BUSINESS PERFORMANCE IN 2018

PRESS RELEASE

Ljubljana, Friday, 26 April 2019 – Publishing audited operating results of SIJ Group in 2018.


According to the audited operating data, the SIJ Group* created EUR 802.8 million from sales (6.3 percent more than in 2017), of that 84.6 percent on foreign markets. EBITDA amounted to EUR 50.2 million (32.8 percent less than in 2017), and the EBITDA margin 6.3 percent (3.6 percentage points less than in 2017). SIJ Group operated positively and generated EUR 4.9 million of net profit (66 percent less than in 2017). Despite poorer performance, SIJ Group’s operation is still stable:


“In 2018, SIJ Group has steadily increased steel production and retained a high sales share of steels with higher added value which take the leading positions on niche steel markets. We have increased the sales value, and have, as an export-oriented company, generated most of our revenues on foreign markets. However, we cannot be satisfied with the achieved operating results. Incidents – including two longer production stopages in both steelmaking companies – have caused major disruption in the production process.

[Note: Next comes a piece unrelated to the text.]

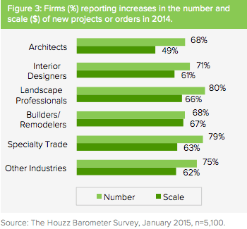 The Q1 2015 Houzz Barometer revealed consistent revenue growth across the residential construction industry, which was fueled by improvements in both the number and scale of new projects or orders

This, along with high prices of raw materials, especially energy-generating products and graphite electrodes, is the key factor which has affected the deterioration of results. If we disregard the impact of these one-time incidents, SIJ Group’s operations in 2018 are comparable to the operations in the previous year,” said Andrey Zubitskiy, President of the Management Board of the SIJ Group.

In accordance with the business plan, SIJ Group focused a lot of effort on disposal of the Poultry Divison – Perutnina Ptuj Group. On 21 November 2018, SIJ Group concluded a contract to sell Perutnina Ptuj to MHP Group. SIJ Group will allot the proceeds from the sale for reducing the indebtedness that resulted from the ten-year intensive investments in Metallurgy Division and the further development of the Group's primary activity – the production of technologically advanced steels and finished products. SIJ Group already reduced its indebtedness in 2018.

In line with the strategy, the investment cycle has slowed down. In 2018, funds were earmarked for projects which are an extension of major investments from the past years, and are intended for the production of technologically more advanced products. The Group allotted EUR 37 million for investments in 2018. The investments were rounded out by the start of the heat treatment line in the rolling mill of SIJ Metal Ravne, which indirectly enables a larger production of tool steels, a product with which the largest Slovenian steel group retained the third largest market share in the European Union in 2018. Other than that, SIJ Group has retained the leading share on the stainless steel quarto plates market in the European Union, and is ranked among the top ten producers of industrial knives in the world.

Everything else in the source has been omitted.